_YOUR ASSIGNMENT_.
Each line of the listing below must be retyped exactly, with images left out.
Segment Start: PROVIDED DATA
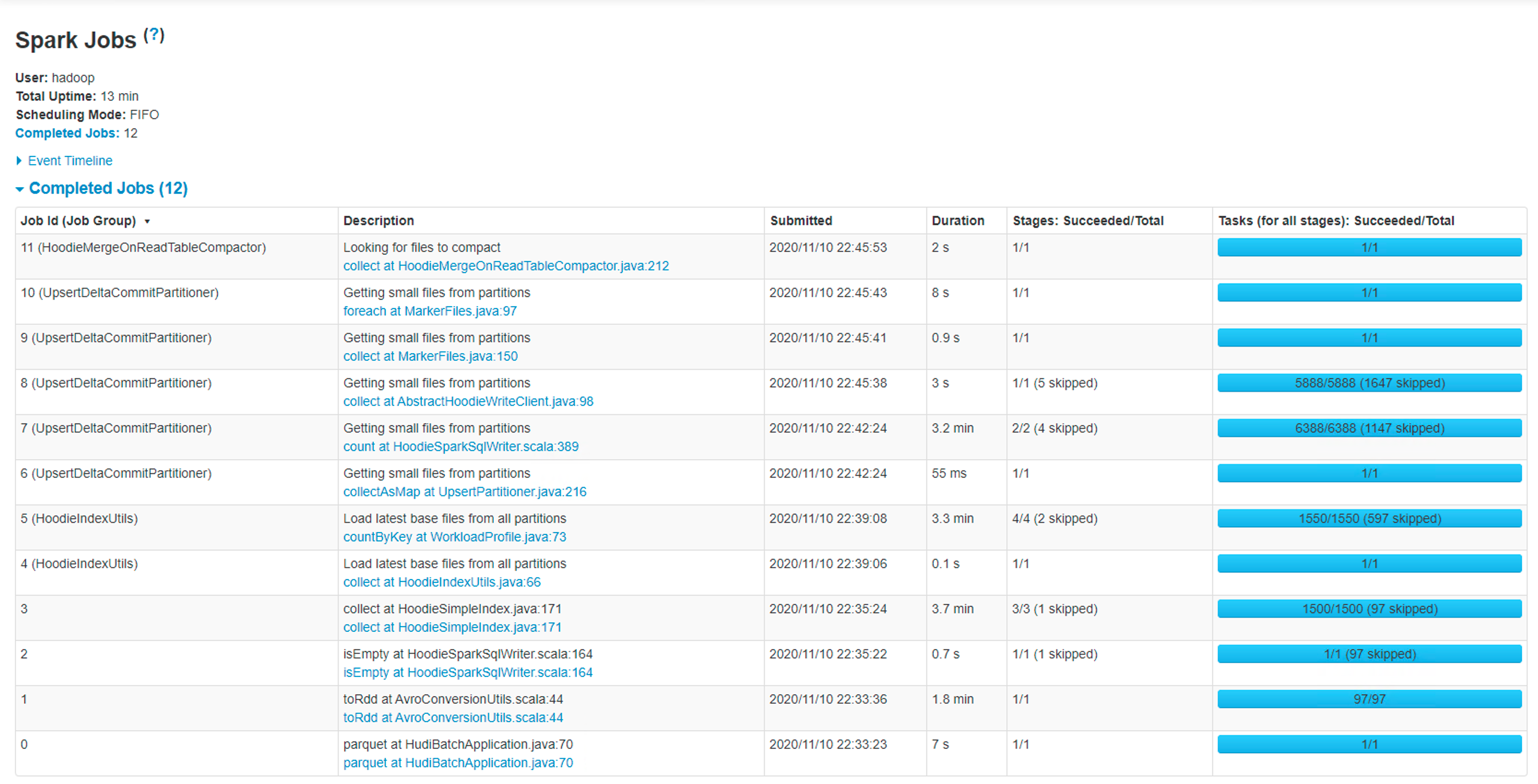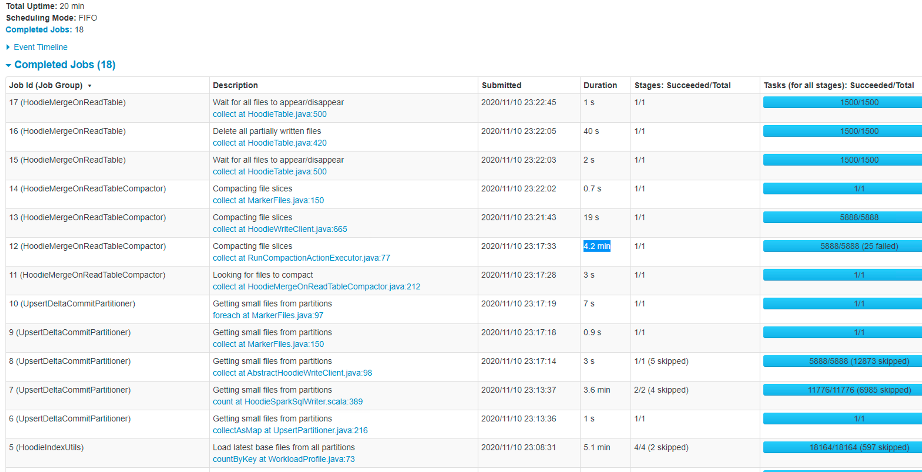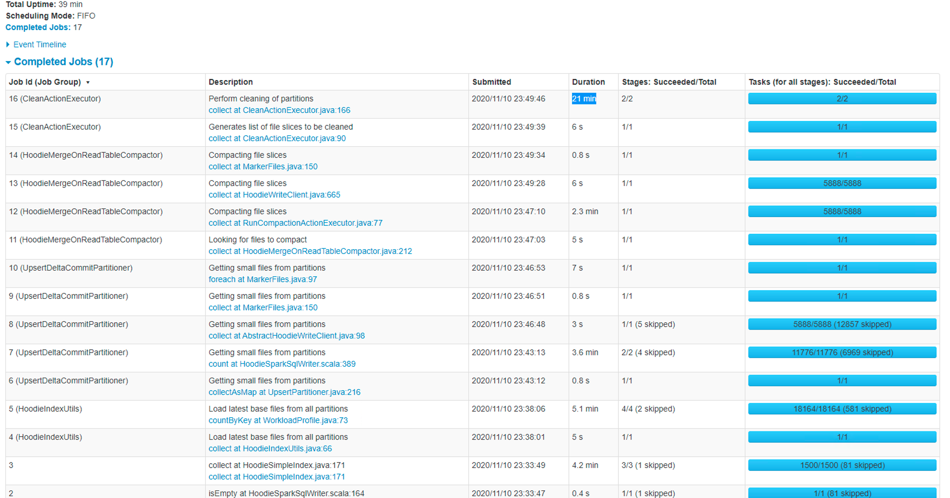 @bvaradar Thank you for your help- I tried my job with 750 Mill records insert/upsert with SIMPLE index type, I see the initial load was completed in 13 min. but the subsequent jobs were taking long. the time increasing for every run. Please see the below screenshots- First Run -Took 13 min  2ndRun Took 20 min  - In this case, it ran compaction due to that total time went up 3rd Run -39 min  - In this case, Job triggered compaction and cleaning due to that, total time wentup.. but in any case, the job time was increasing over time. the good thing is the job is completing now. how can I tune my job to get an optimal performance and predictable time? - Coming to file size - I still see small files after setting the below attributes- .option("hoodie.parquet.block.size",125829120) .option("hoodie.parquet.small.file.limit",104857600) .option("hoodie.parquet.max.file.size",125829120) - I also see a lot of GC happening in my job- ---------------------------------------------------------------- This is an automated message from the Apache Git Service. To respond to the message, please log on to GitHub and use the URL above to go to the specific comment. For queries about this service, please contact Infrastructure at: [email protected]
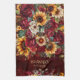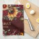Fall autumn themed burgundy roses yellow sunflowers greenery burgundy background personalised kitchen towels, personalised gifts
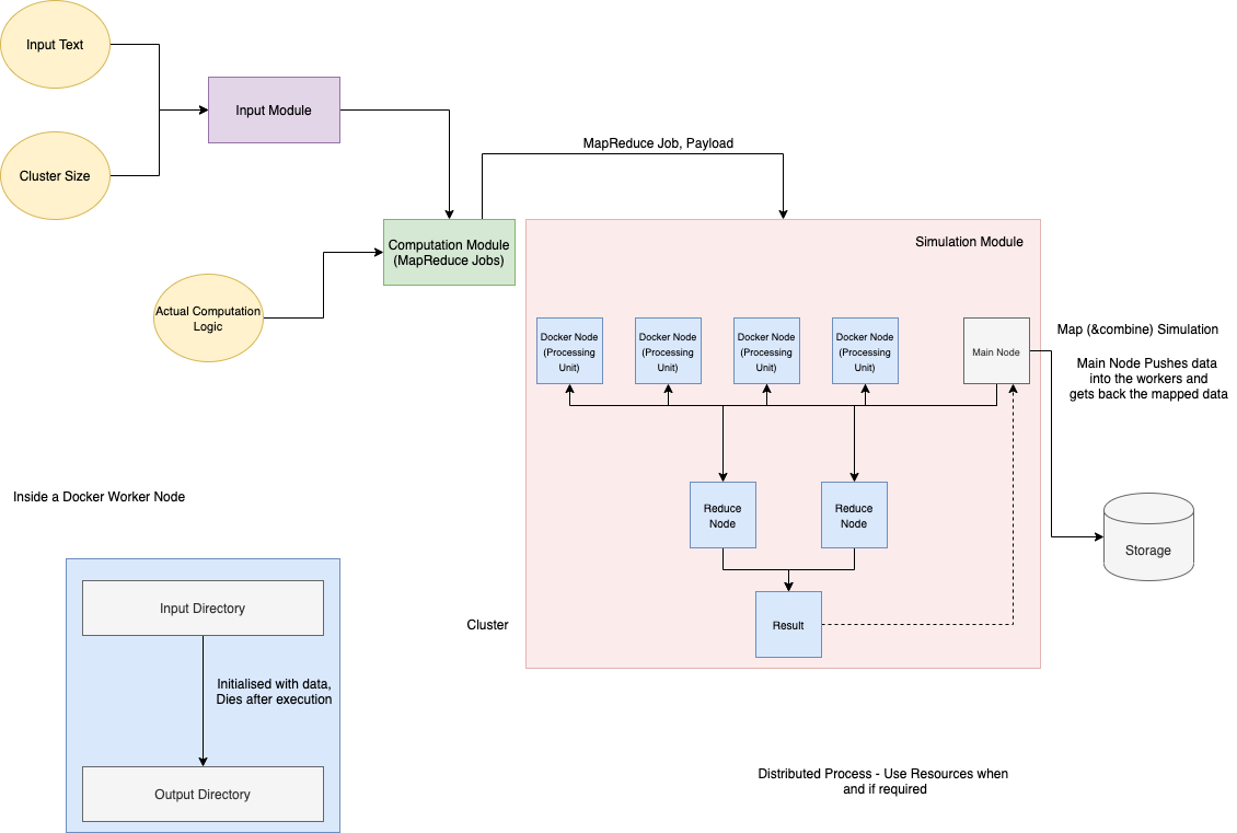 machine with multiple docker containers acting as separate nodes for map and reduce jobs. The
Segment End: PROVIDED DATA
_RESPONSE TO THIS TASK_.
 @bvaradar Thank you for your help- I tried my job with 750 Mill records insert/upsert with SIMPLE index type, I see the initial load was completed in 13 min. but the subsequent jobs were taking long. the time increasing for every run. Please see the below screenshots- First Run -Took 13 min  2ndRun Took 20 min  - In this case, it ran compaction due to that total time went up 3rd Run -39 min  - In this case, Job triggered compaction and cleaning due to that, total time wentup.. but in any case, the job time was increasing over time. the good thing is the job is completing now. how can I tune my job to get an optimal performance and predictable time? - Coming to file size - I still see small files after setting the below attributes- .option("hoodie.parquet.block.size",125829120) .option("hoodie.parquet.small.file.limit",104857600) .option("hoodie.parquet.max.file.size",125829120) - I also see a lot of GC happening in my job- ---------------------------------------------------------------- This is an automated message from the Apache Git Service. To respond to the message, please log on to GitHub and use the URL above to go to the specific comment. For queries about this service, please contact Infrastructure at: [email protected]
Fall autumn themed burgundy roses yellow sunflowers greenery burgundy background personalised kitchen towels, personalised gifts
 machine with multiple docker containers acting as separate nodes for map and reduce jobs. The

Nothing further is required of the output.